O'Reilly Builds a MythTV Box
enrico_suave writes "While the Broadcast Flag battle continues, it's still legal to put together your own HDTV PC HTPC/PVR. O'Reilly has posted part 1 in a series of articles describing the ins and outs of Building a MythTV Box" From the article: "For now, the good news is that it is still legal to put together your own home-theater PC. Parts are now cheap enough that it is no longer ridiculous to build a PC specifically to handle TV for you, much like the VCR in Douglas Adams's Dirk Gently's Holistic Detective Agency..."
Hi,
How is Myth's firewire support for DTV cable boxes shaping up? Preferably HDTV. Is there a DTV howto yet, with tips for receivers generally and particular models particularly?
I'd consider swapping my TiVo out (given its really crappy slow performance lately, lack of digital audio or video, and monthly fees) but it's easy to use and having to go thru config hell wouldn't be worth it for me if I didn't get anything nifty in terms of features..
Until then, I'm stuck with consulting the massive tome of Myth links I've collected over the years, half of which are out-of-date, or unmaintained (although the official docs are a good effort). Would be nice if O'Reilly brought their professionalism to it.
One thing I've never figured out - why aren't there more companies mass-marketting and selling these?

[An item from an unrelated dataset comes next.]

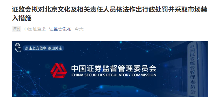 證監會擬對北京文化及相關責任人作出行政處罰並採取市場禁入措施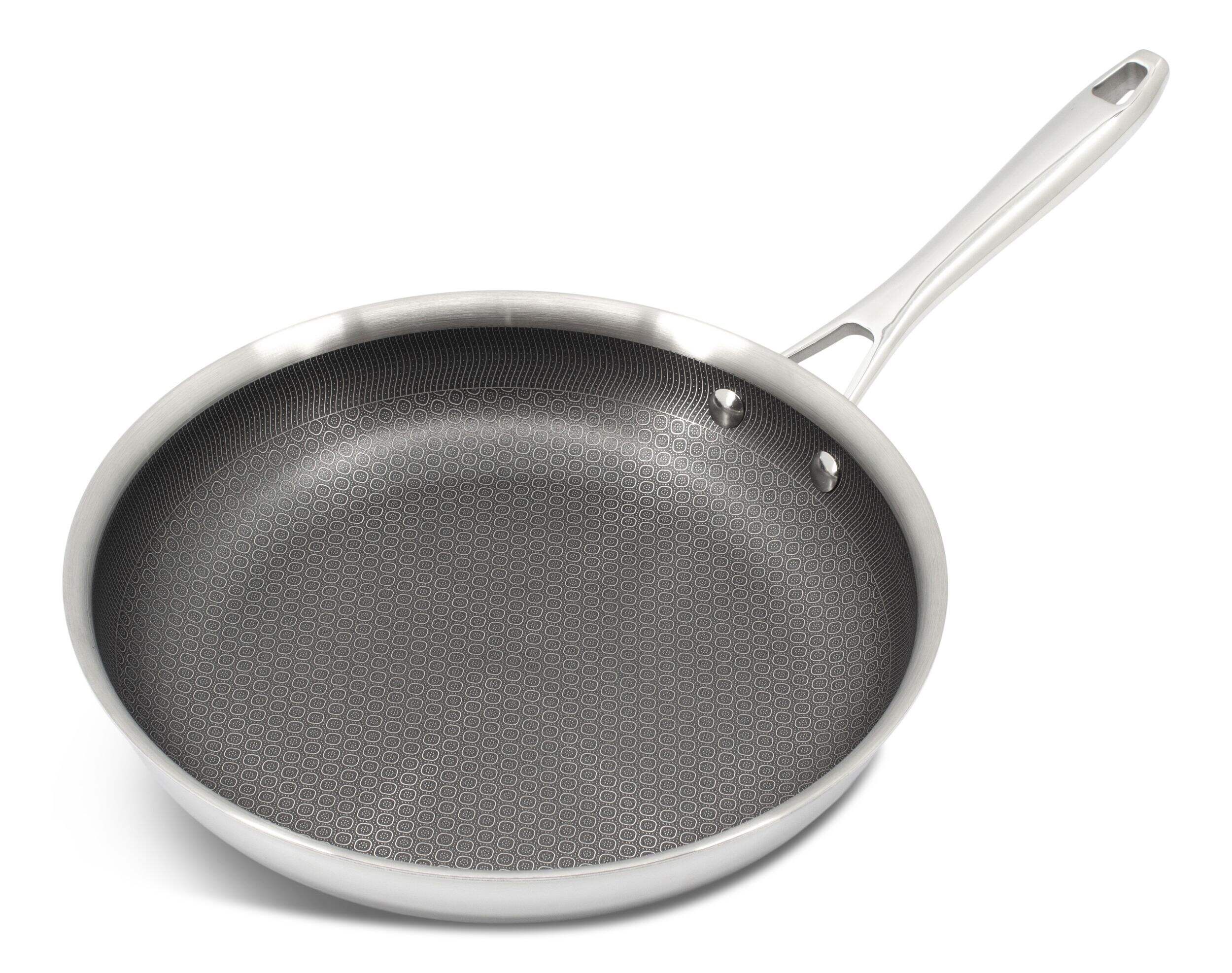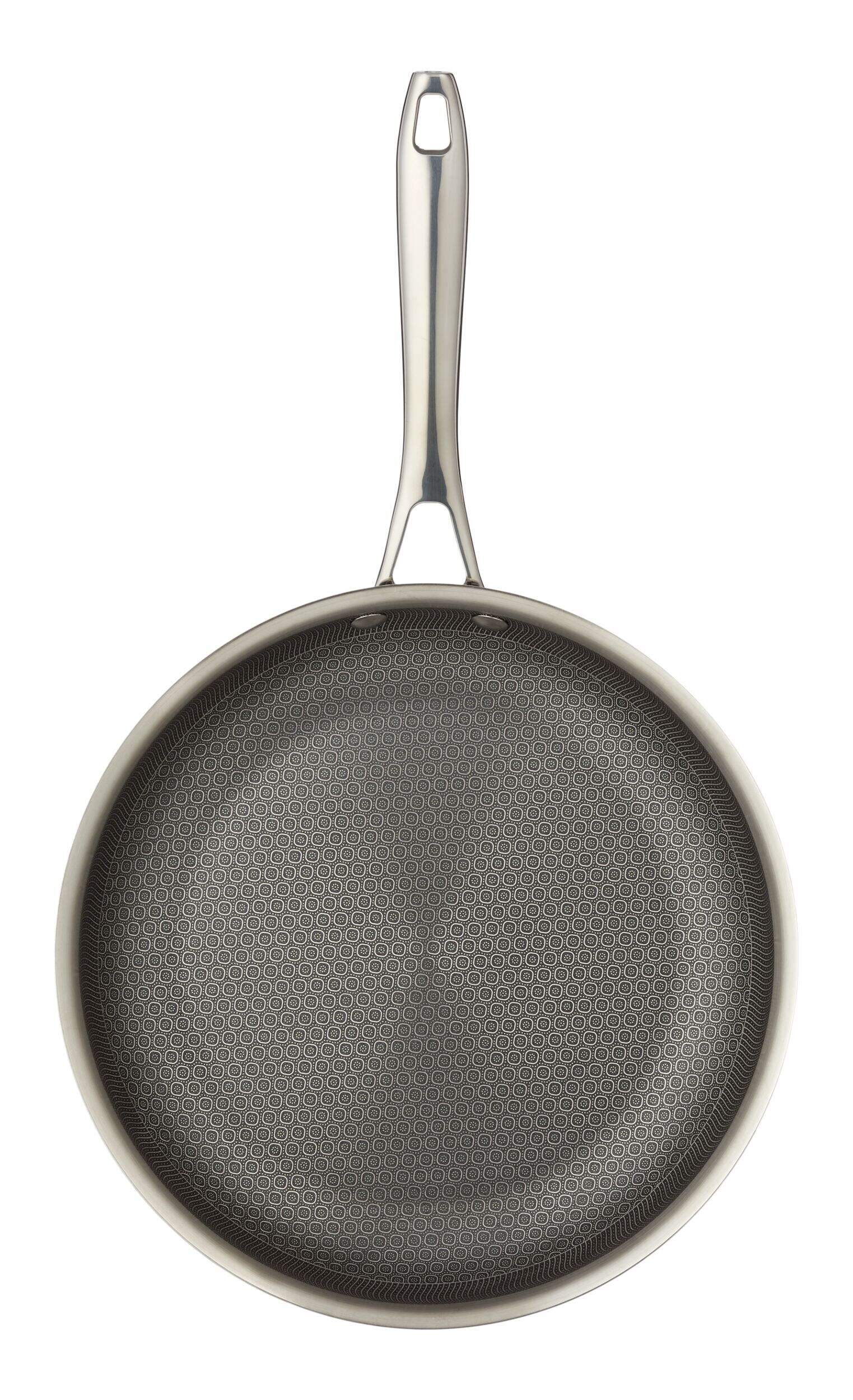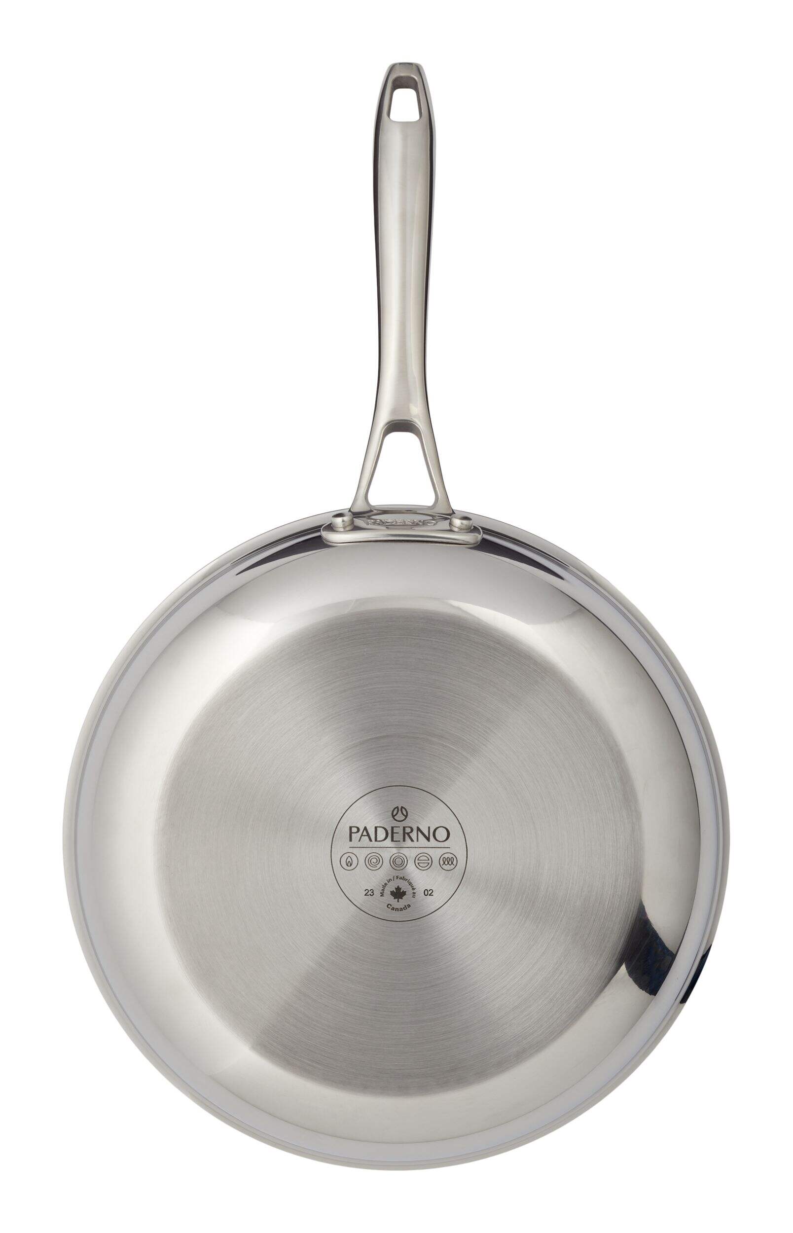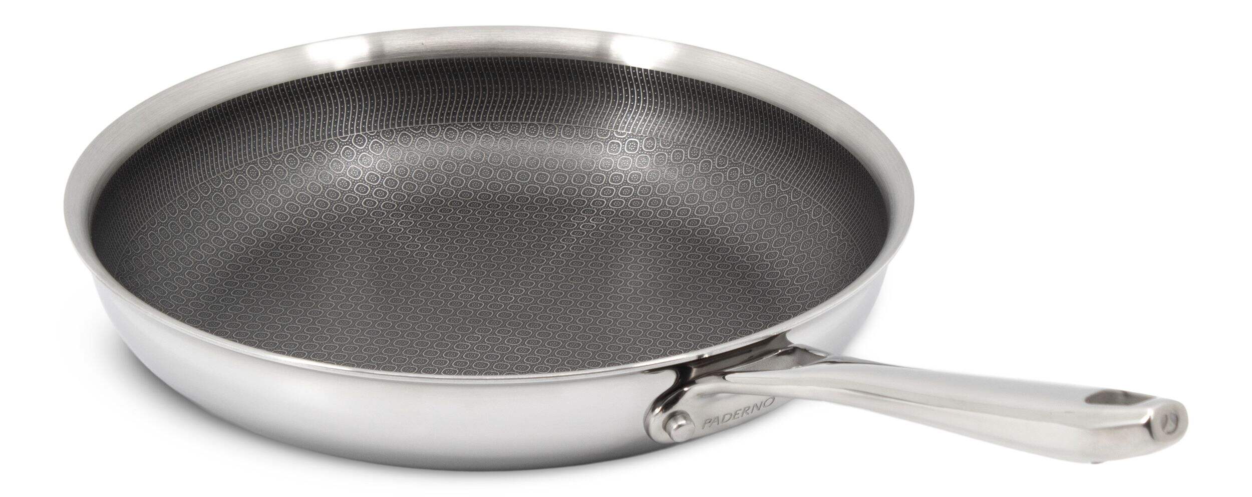 The PADERNO Hybrid Clad Frying Pan eliminates cooking woes by helping you prepare your meals easily. Designed with a durable PFOA-free stick resistant coating for easy food release, and a 18/10 stainless steel construction with aluminum core for even heat distribution and exceptional durability.

How come say, Phillips or some other company hasn't picked this up and prettified it to sell to the end consumer who's never heard of Linux? (It's not like companies haven't taken Linux and put it inside devices to sell to the "Just Works" crowd - all that embedded stuff, for example, a lot of routers/firewall products etc.)
Looking at the article, I'd have to say it rates 5 out of 5 - truly up to O'Reilly's normal standards - well set out, doesn't talk down to users, and pretty pictures...*in colour* (man...talk about innovation...I have *never* seen a colour O'Reilly article/book...althought since this is /., I give it 5 mins before somebody finds one, in some random alternative universe somewhere).
This is the second article in as many days about something that that already has had 2,000 articles written about it.
"Results 1 - 10 of about 30,400 for build mythtv box. (0.28 seconds)"
Interestingly enough, the O'Reilly article is the #1 Google hit, and it has a publication date of 6/22. Today is 6/28. Wow, that's pretty fast!
9)No loss of features- you won't see disappearing features like 30 second skip.
this is one of the biggies i think. new products become popular for their features, then they become cheap when they cut those features.
I hate to be the barer of bad news... however more and more cable companies, at least here in the US are moving towards having most, if not all of their digital offerings encrypted.
Buying a QAM demodulator is easy, getting it to decode an encrypted cable network is not, and such cards that are capable of this sort of work on cable are... really non existent.
While such a PVR is nice, if you want HD programming, you are effectively limiting yourself to OTA ATSC stuff, which as we know is pretty feeble and will remain that way, just as OTA analog tv was feeble, as an encouragement to have you spend a few bucks a month for more channels through your local cable company.
Don't even get me started on the subject of QPSK (the modulation method used for digital satellite television).